About These 15 Worksheets

These worksheets use images of dominos, with each domino having a certain number of dots on each side. The goal is for students to add the number of dots on one side of the domino to the number of dots on the other side to find the total. They can be a fun and effective way for children to practice their addition skills. They combine visual learning (counting the dots on the dominos) with abstract learning (writing down and adding the numbers), which can help reinforce the concept of addition.

The worksheets may present these dominoes with dots already marked, with one side blank for students to complete, or with spaces for students to imagine or draw the dots themselves. The objective is to count the dots on each side of the domino and then add them together to find the total number of dots, which represents the sum of the two numbers.

The real goal here is to help students understand the concept of “part-part-whole,” a fundamental aspect of early mathematics education that helps students understand how smaller parts combine to make a larger whole. In this case, the two sides of the domino are the parts, and the total number of dots is the whole. This introduces children to the concept of the commutative property of addition.

A Look At The Individual Worksheets

The journey kicks off with Adding Horizontal Dominoes, where students simply count the dots on each end and add ’em up-sort of like dominoes got a college degree in arithmetic. Add Summing Uneven Domino, and now one side has more dots than the other-sneaky, but still countable. Then comes Domino Adds Up To and Addends to Sum, which bust out basic “find‑the‑pair” addition skills, helping kids grasp that numbers are like best friends who, when combined, make a bigger buddy. These exercises hammer in the part‑part‑whole concept using dot‑pictures-simple yet effective.

Next, the Domino Matching and Down the Domino worksheets turn counting into a brain‑y puzzle: match the domino with its sum or follow a trail of dominos and sums. Then Domino Addition Top and Bottom shakes things up by asking kids to calculate both halves independently-and maybe teach their left brain and right brain to coordinate for once. These templates reinforce whether you count left‑to‑right or top‑to‑bottom, showing that math doesn’t care about orientation-just results.

What’s That Add To?, Addend and Sum Domino, and 3 Domino Addends introduce the classic “find the missing piece” twist. Suddenly, the total or one side is hidden and the student plays detective. They flex reverse‑math muscles and uncover mysterious domino secrets. This cultivates critical thinking: not just adding-but probing.

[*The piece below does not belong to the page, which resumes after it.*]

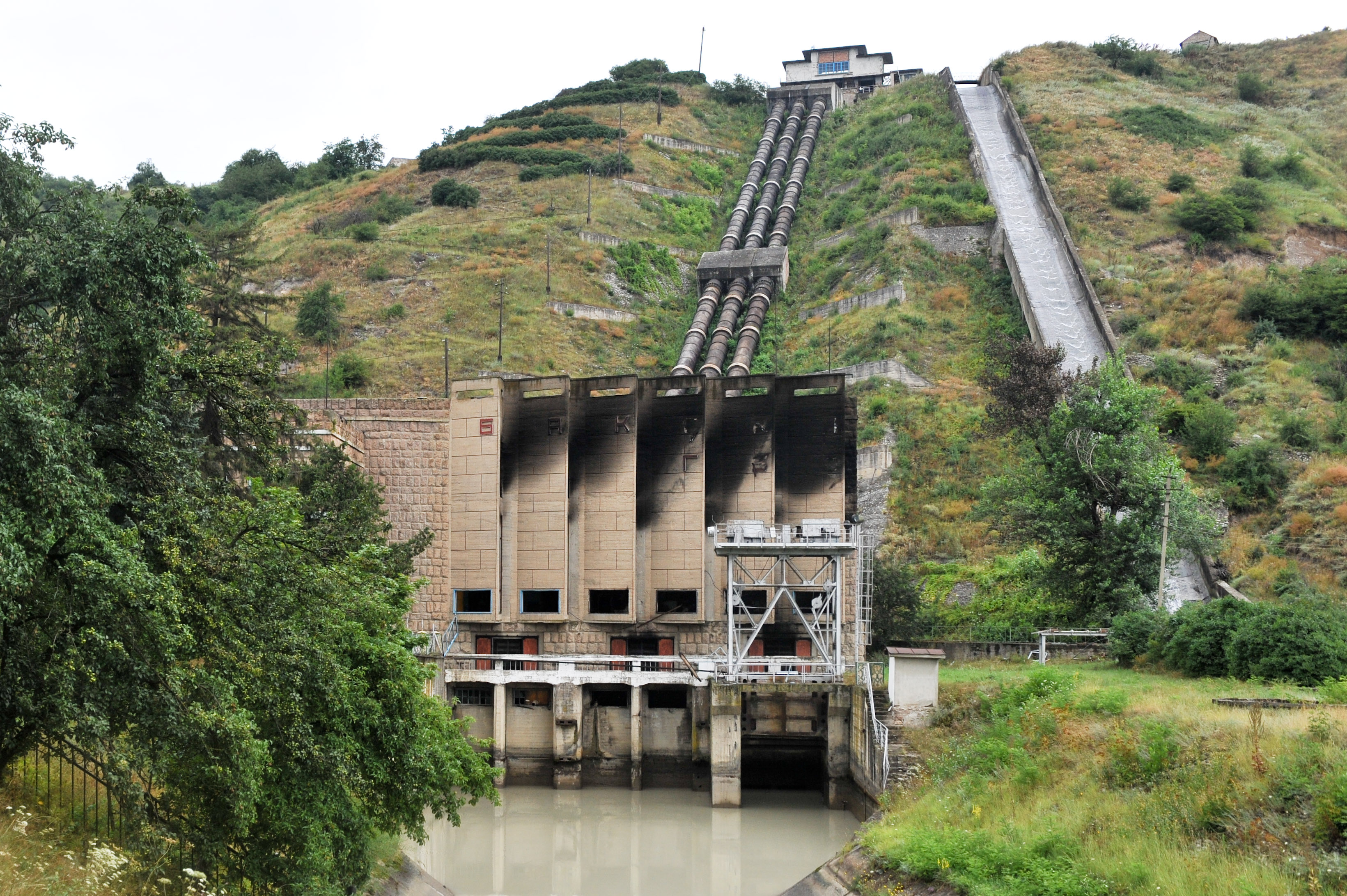 Baksan HPP

Then it’s time to break out the artistic flair with Domino Making Sum and Make Your Own Dominoes. Here, children design their own puzzles-choose dots, add up, and craft a domino sequence with meaning (to them). It’s like giving them the composer’s baton. Create Addition Sentence and Domino Number Bonds extend it further, asking them to write out the numeric sentences and draw bonds between parts and wholes. This encourages students to articulate their thinking-not just solve it.

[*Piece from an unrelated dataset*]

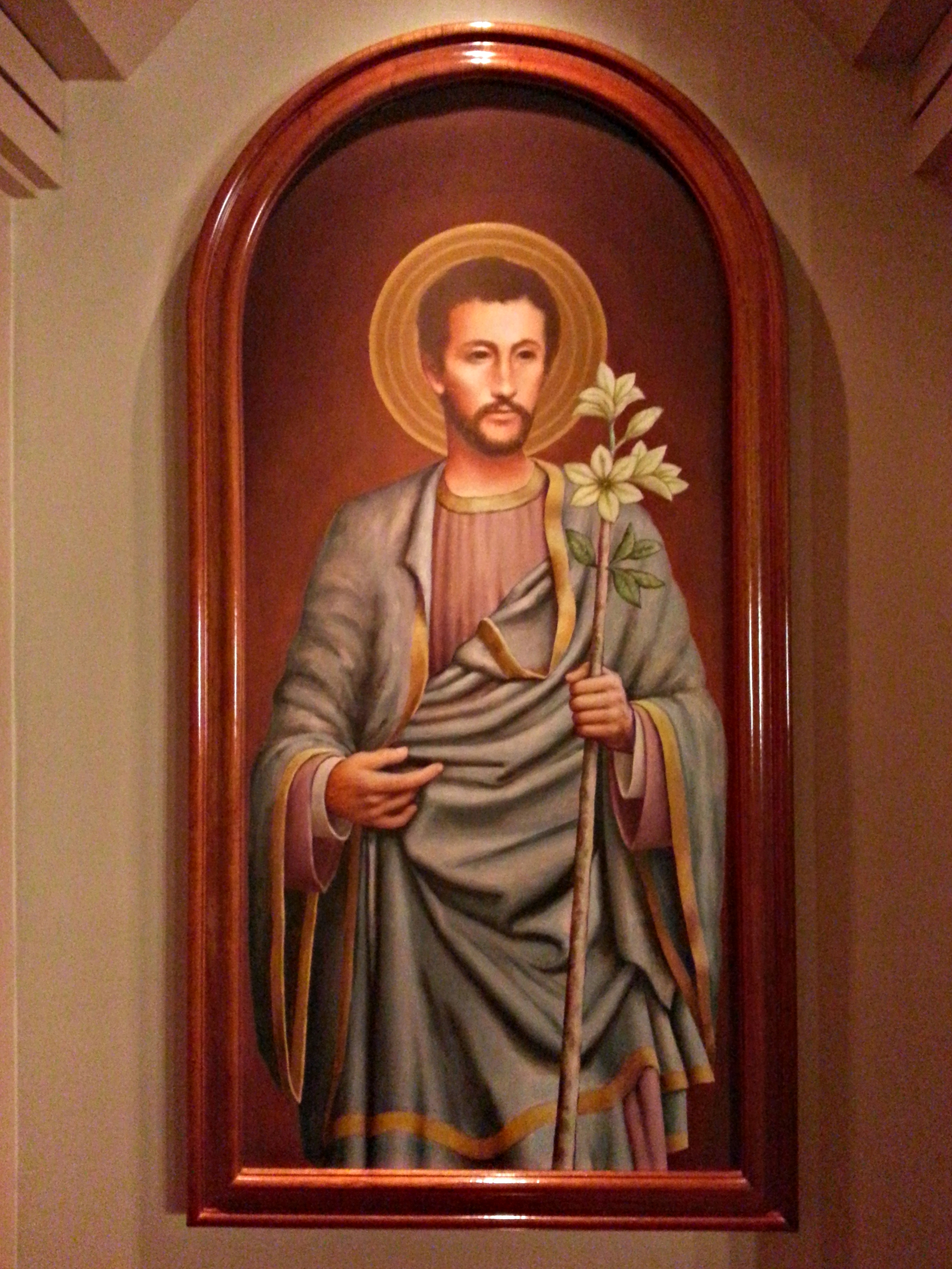 Saint Joseph, portrayed as a young man. Oratory of the Hospital Universitario Austral, Pilar Partido, Argentina. Some documentary iconographs picture St. Joseph as a beardless young man. St Joseph was pictured as a young man on a gravestone of the third century (catacombs of St Hippolytus, Rome), and also on the sarcophagus of St Celsus in Milan, which belongs to the fourth century. The Fathers of the Church concur that he was a young man. Many later artists make him appear an old man. At the turn of the 16th century, Molanus [De Historia SS. Imaginum et Picturarum. Louvain: Typis Academicis, 1776 (originally published in 1570) , p. 269-73] encouraged a change in St. Joseph’s portraiture. After Molanus, many images abandoned the traditional portrayal of St. Joseph as an old man, balding or graying, and gave the saint a youthful outward appearence.

From Scratch is the blank‑canvas superstar, challenging kids to invent their own domino setups from zero, no prompts. It’s like telling them “you’re the artist-just add!” They learn deeper than counting-they learn invention. The whole collection blends visual counting, matching, missing pieces, creative design, and abstract representation-all delivered with the casual pep of a stand‑up comedy routine (at domino conferences).

What is the Commutative Property of Addition?

The commutative property of addition is one of the fundamental properties of arithmetic operations. It states that the order in which you add numbers does not change the sum. In other words, if you are adding two or more numbers, you can add them in any order and the result will be the same.

Mathematically, it can be expressed as follows for any real numbers a and b:

a + b = b + a

For example, if you are adding 3 and 5, according to the commutative property, you can add them as 3 + 5 or as 5 + 3, and you will get the same answer (8) either way.

This property is very useful for solving mathematical problems and simplifying calculations, as it allows us to rearrange terms in an expression to make the calculation easier.

It’s also a key concept that is often introduced early in a child’s mathematical education, typically around the same time they start learning about addition. It’s worth noting that this property holds for multiplication as well (a x b = b x a), but does not hold for subtraction or division.